Weissman declined to comment, as did leaders of the Shabbat Committee. To date, most of his AM:PM stores remain open on Saturdays, leading even supporters of observing the Sabbath to question whether the effort succeeded.
“Boycotts are ineffective,” said Yakov Halperin, head of a mall-based optometry chain that closes all of its 130 offices on Saturday, even though it costs the company significant revenue. “They work for a limited time, but then they break down because the religious public is not united.”
Still, there is a chilling effect. Haifa-based Cinemall, a large shopping complex on the outskirts of the port city, is considering becoming the latest mall to open on Saturdays, perhaps this fall. But the owner is hesitating, in part out of personal religious beliefs, a mall manager said. Business rivals noted that he also owns a supermarket chain that could be vulnerable to a boycott.
Religious activists have succeeded in keeping most malls that are in city centers and near residential neighborhoods closed.
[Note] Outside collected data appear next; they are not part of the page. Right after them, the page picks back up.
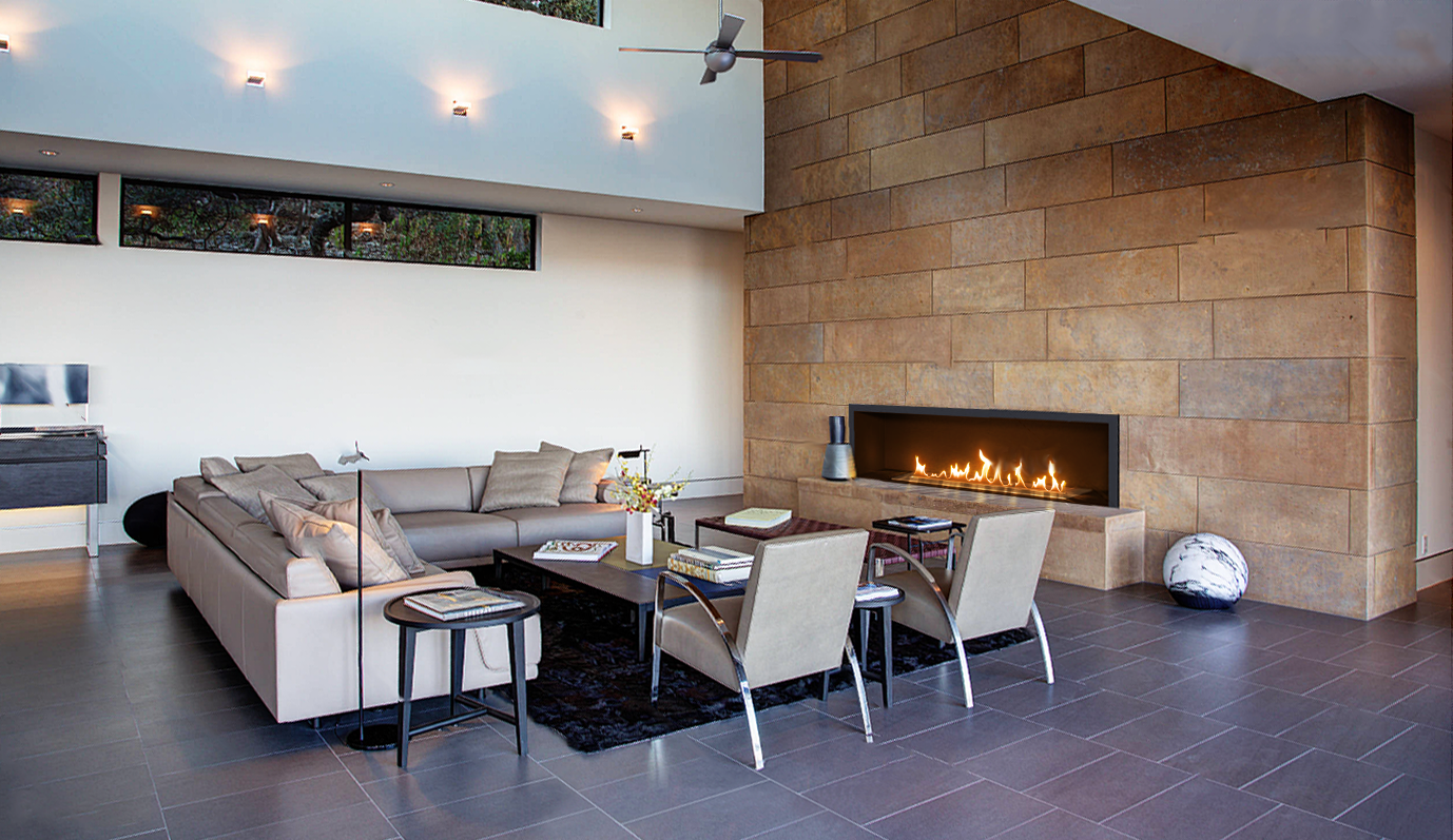 - Стоимость камина зависит от длины корпуса (от 600 до 2300 мм), вида топливного блока (одного топливного блока с единой линией огня или нескольких), лицевой рамки (нержавеющая сталь, латунь, либо её отсутствие), а также наличия либо отсутствия защитного стекла и декоративного стекла стемалит на задней стенке.
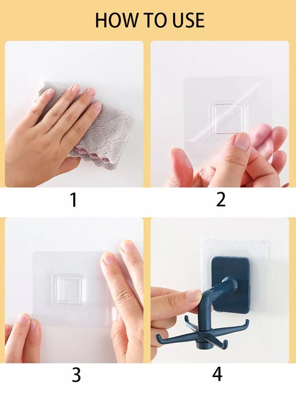 Τοποθετείται επιτοίχια με αυτοκόλλητο κλιπ (συμπεριλαμβάνεται) το οποίο αποσπάται από την κρεμάστρα, διευκολύνοντας τον καθαρισμό της.
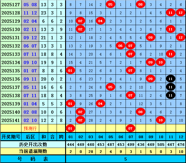 前区一号球分析:上期开出奖号04,该位最近10期出现限制在01-08之间,中点为4.5,其中中点以下的奖号开出6次,中点以上的奖号出现4次,本期看好该位走大,留神中点以上号码,关心号码09。
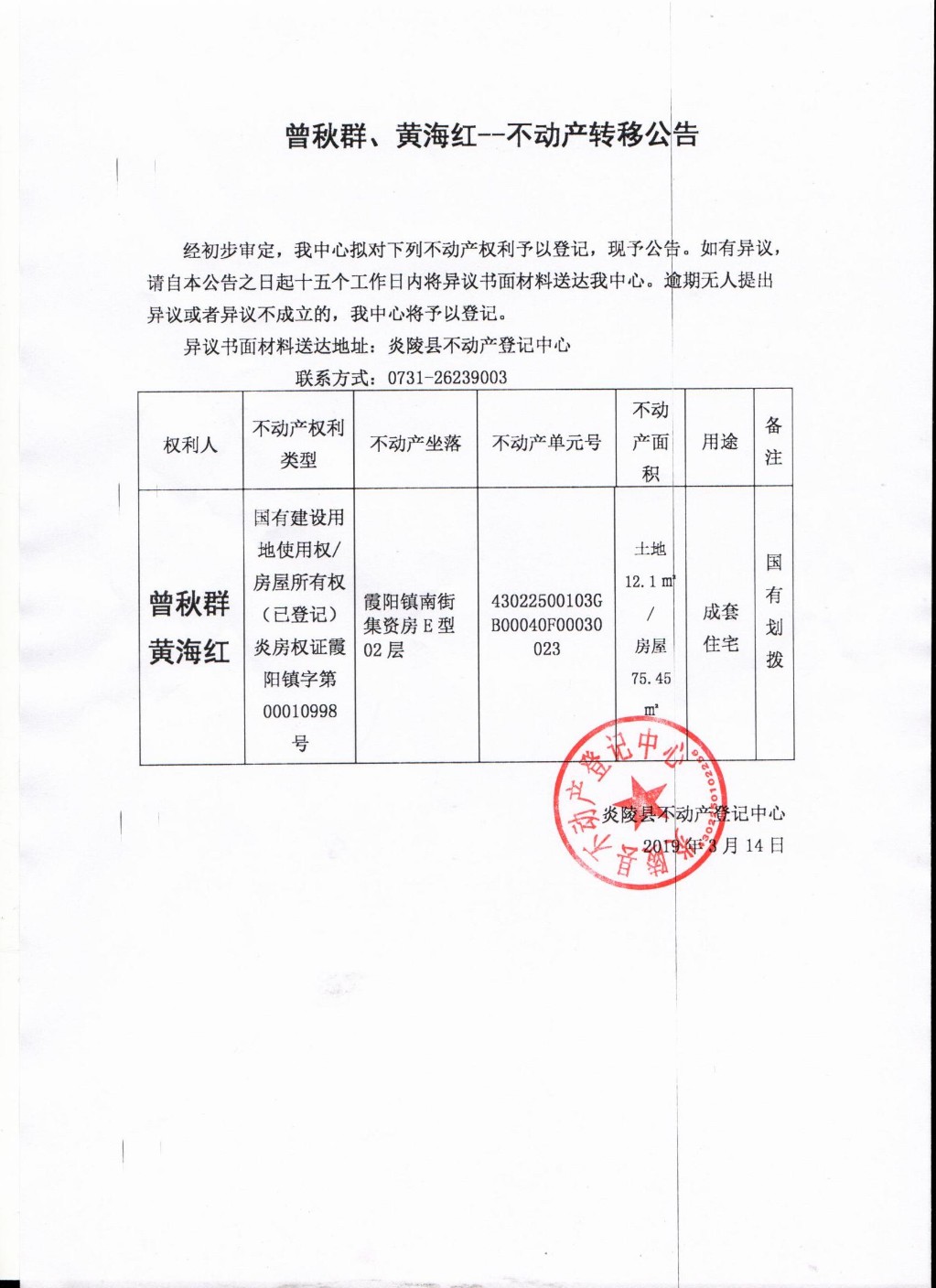 曾秋群 黄海红转移公告
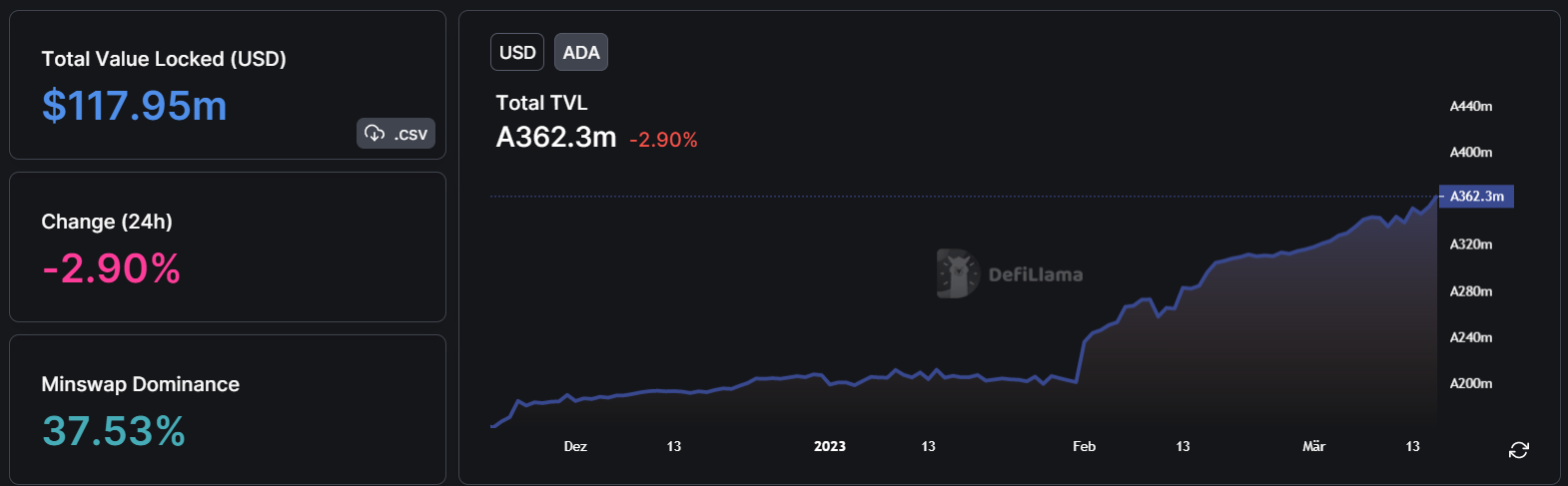 In Dollarwert entspricht der Cardano TVL 117,95 Millionen US-Dollar. Dabei machen die DeFi-Anwendungen Minswap DEX und Indigo über 50 % des TVL aus, wie die Daten zeigen. In diesem Artikel setzt sich BeInCrypto intensiv mit der überragenden Entwicklung von Cardano (ADA) auseinander. Der Frage, ob die positive Entwicklung auch mit dem im Januar gelaunchten Cardano-Stablecoin “Djed” zusammenhängen kann, gehen wir hier detailliert nach.
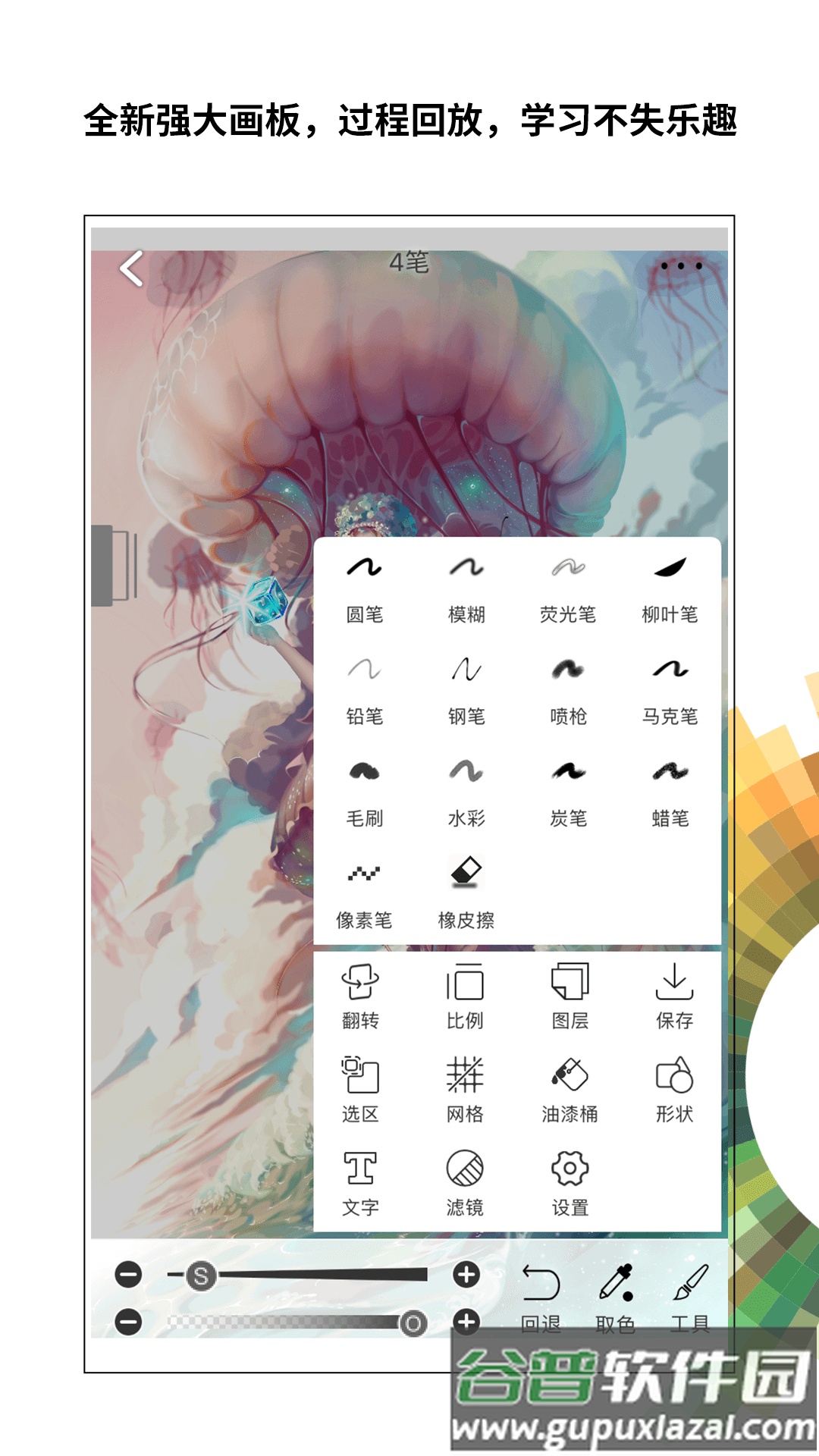 除了画笔,它还加入了文字工具、滤镜和油漆桶等辅助功能,帮助用户打造更精致的绘画。

Nearly all the shopping centers currently open on Saturday are in industrial zones or along the city edges. In religious cities, like Jerusalem, only a few restaurants, cinemas and gas stations dare to open.
But experts predict more shops will open on Saturdays as competition intensifies.
“If you look at the trends, secularization is winning big time in this case,” said Ben-Porat, who has studied the intersection of religion and business for years. “Just 20 years ago you could hardly find anything open in the country on Saturday.”
He said the trend was bolstered in the 1990s, when Israel shifted away from socialism and experienced an influx of more than 1 million Russian immigrants, many of whom were secular or non-Jewish.
“Ultimately this is an issue that is moving away from the political realm,” Ben-Porat said. “It’s really being decided by profits, not ideology and not public policy.”
Batsheva Sobelman of The Times’ Jerusalem bureau contributed to this report.